Лезвие было необычного серо-голубого оттенка с правильным, непонятно как сделанным узором — судя по всему, ветвь трилистника, — и было отточено так остро, что кромки невозможно было разглядеть — лишь радужный, пульсирующий, нестерпимо тонкий лучик.
Гравер не удержался и осторожно провел по нему большим пальцем, и его тотчас словно ожгло легким, но пронзительным холодком. Гравер невольно отдернул руку. И тотчас за спиной послышался скрипучий смешок Уго Стерна.
— Чего дергаешься? Боязно? Оно правильно. Нож хороший. Тронешь не так — пальцы, как стручки бобовые полетят. Уж я-то знаю.
Рукоять костяная, судя по всему моржовый клык, с прихотливо выточенными ложбинами для пальцев.
Эфес дугообразный, посреди — полукруглая пластина черненой стали. В центре ее анаграмма — где выпуклая, где вогнутая. Гравер не сразу сообразил, что она являет прихотливое сплетение двух букв Z и Х.
Заключена анаграмма была в вогнутый, граненый барельеф семиугольной звезды. Для того, чтобы понять, что гравировка совершенна, для него достаточно лишь прикоснуться к ней подушкой пальцев. Металл, казалось, беззвучно пел под его руками. Абсолютное совершенство граней, матовую, зеркальную чистоту шлифовки он угадывал с безошибочностью слепца.
— Что надо сделать? — спросил Гравер, не открывая завороженного взгляда от клинка.
Уго молча перевернул кинжал с боку на бок.
Вензель на другой стороне эфеса являл собою точное зеркальное отражение первого, однако без опоясывающей звезды.
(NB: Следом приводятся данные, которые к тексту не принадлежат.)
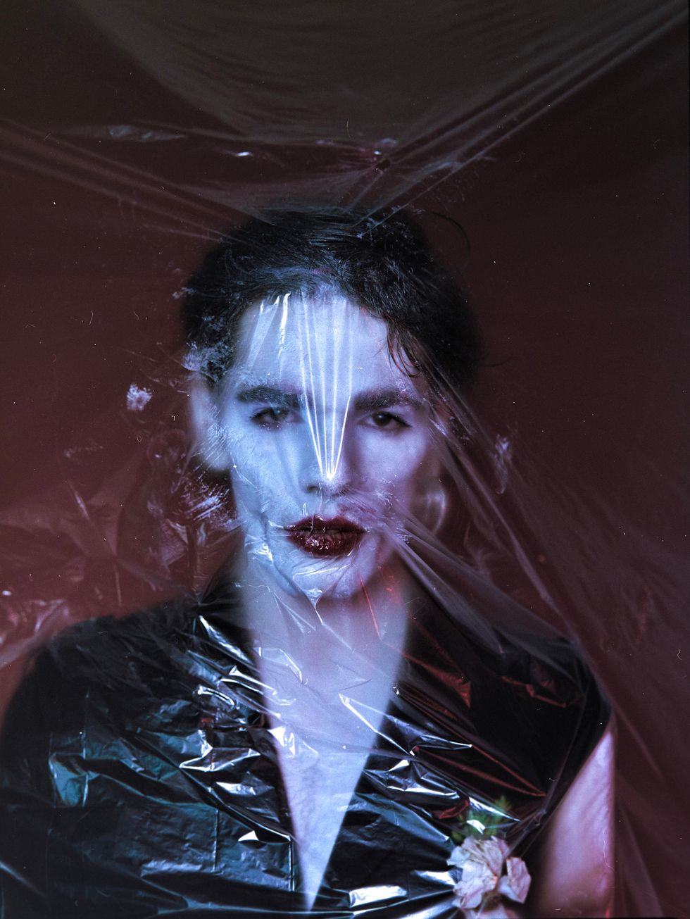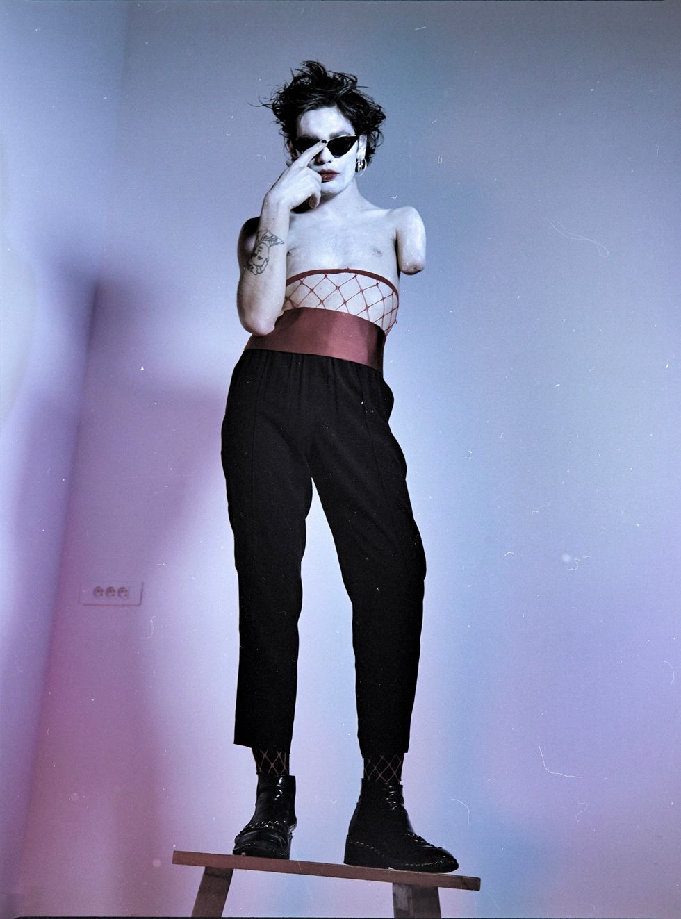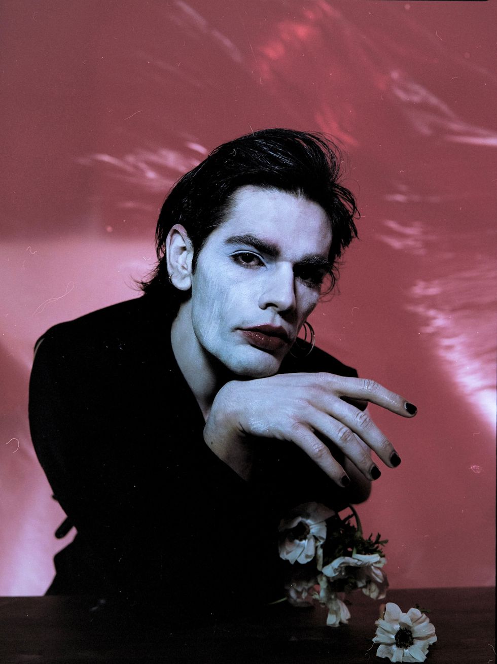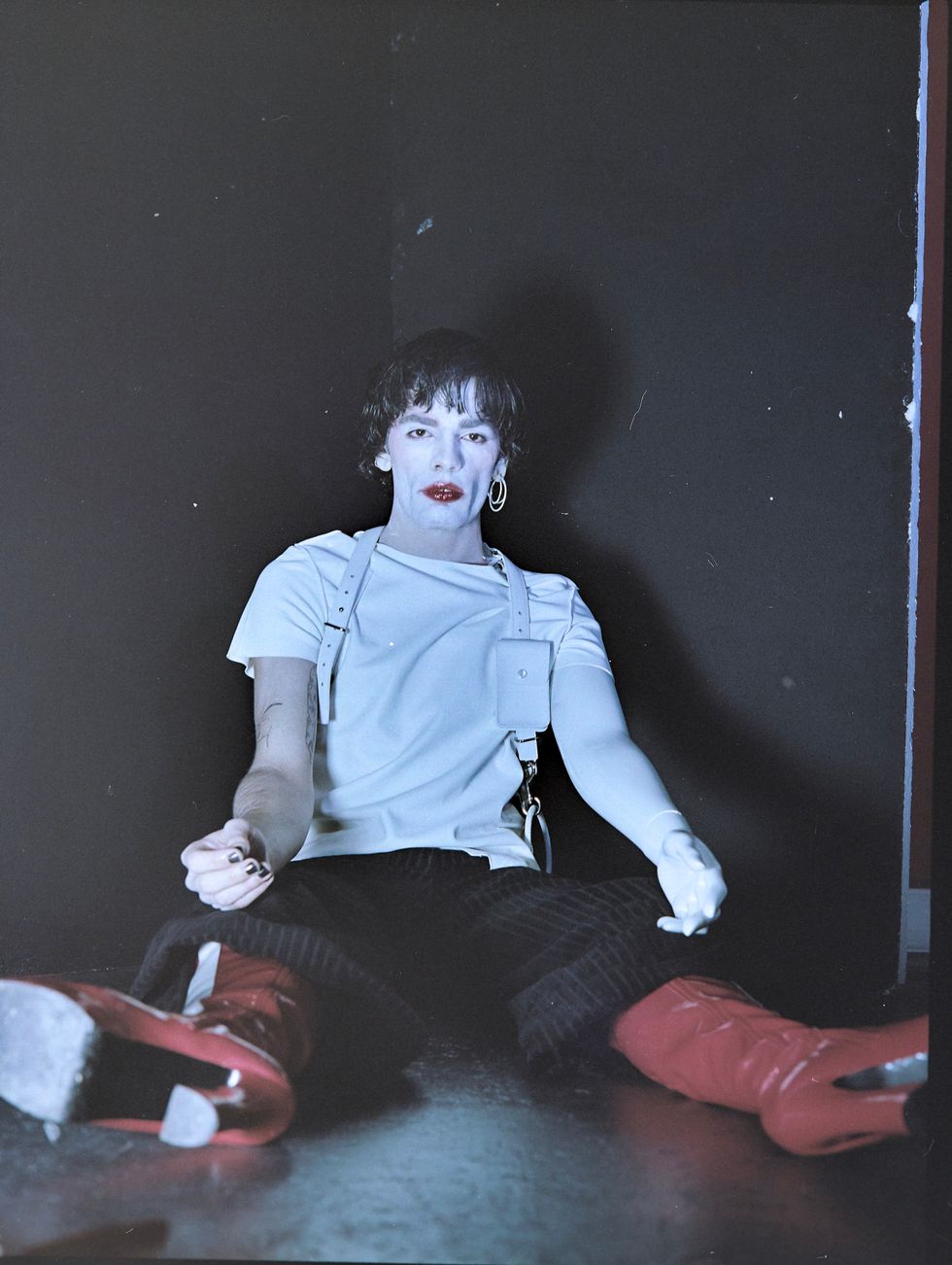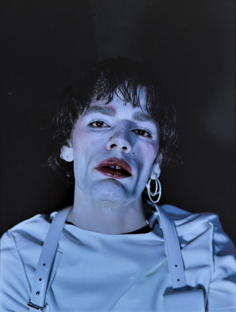 Looking at the lookbook images, it's easy to see how he designs for worlds both bizarre and real. A jacket with a a wide lapel recalls historical men's tailoring, but detachable sleeves can turn into a grungy waistcoat, or launch in firmly into avant-garde with one sleeve removed (beautifully modeled by disabled model Luc Bruyere) — all while showing off a bit of naughty underarm. Even the timeless white t-shirt can be cinched up like a straightjacket, a cheeky statement on the more serious consequences of toxic masculinity. It's as though Peter Murphy was cast in an 80s slasher flick, and we can dream.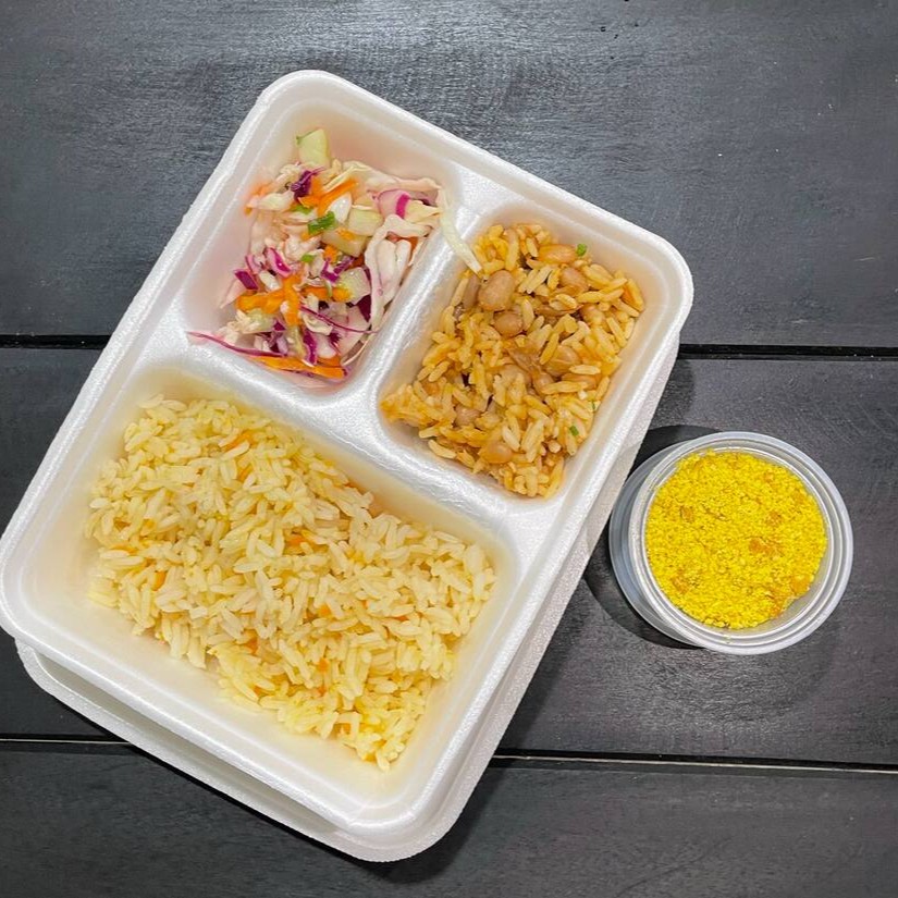 Uma combinação irresistível de sabores: o tradicional Baião de Dois, preparado com arroz, feijão verde e Calabresa; acompanhado de uma farofa dourada e crocante; arroz branco soltinho e um vinagrete delicioso.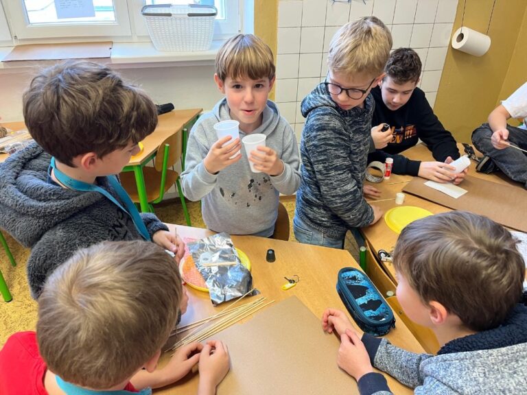 Jakmile byl kód prolomen, čekala je další výzva: postavit vesmírnou raketu, která by je dopravila až na Krypton. Materiály byly čistě pozemské – papír, brčka, karton, špejle, lepicí páska – ale fantazie dětí rozhodně ne. Vznikaly konstrukce elegantní, odvážné i překvapivě technické. Některé rakety připomínaly prototypy NASA, jiné jako by přiletěly z budoucnosti. Každá však nesla podpis svého týmu: kreativitu, spolupráci a chuť překonat hranice možného.

Кроме того, было еще нечто совершенно неуловимое, лишь незримым интуитивным промельком ощущаемое, но что ясно указывало: анаграммы делались разными людьми. Гравер хотел было сказать об этом хозяину, однако передумал.
— Надо, чтоб звезда была и здесь тоже. Всего-навсего. Сможешь?
Гравер не ответил, он не мог отвести от кинжала зачарованного взгляда.
— Не можешь? — Уго хохотнул отрывисто и злобно. — Я так и думал. Стоило тогда морочить мне голову!
— Я… я попробую!
— Ты попробуешь? — Уго разразился едким глумливым хохотом. — Поглядите на него, он попробует! Нет, щенок, пробовать ты будешь девок на сеновале. А сейчас постарайся забыть о нашем разговоре.
— Мой господин! — Гравер вскрикнул так пронзительно, что сам испугался. — Я не попробую. Я — смогу.
Сама мысль о том, что он более никогда не увидит этот кинжал, отчего-то привела его в безысходное отчаяние.
— Гляди, парень, — сказал, уходя, Уго Стерн, — сделаешь как надо, заплачу так, что тебе на полжизни хватит. Испортишь — пожалеешь, что на свет родился.
И в этот момент Граверу с неимоверной обостренной ясностью показалось, что вокруг анаграммы тонким, искрящимся абрисом высветилась та самая недостающая семиконечная звезда. Она мерцала пульсирующим беловато-синим светом, будто некое потустороннее живое существо.
Ему хотелось смеяться от счастья — вот оно, ради чего он жил все эти годы. Вот он, этот самый Третий глаз, черт бы его побрал совсем! А ежели и не он, так и плевать трижды. Он сделает заказ, даже если на кону будет жизнь, ибо впрямь грош ей цена, если он провалит этот заказ.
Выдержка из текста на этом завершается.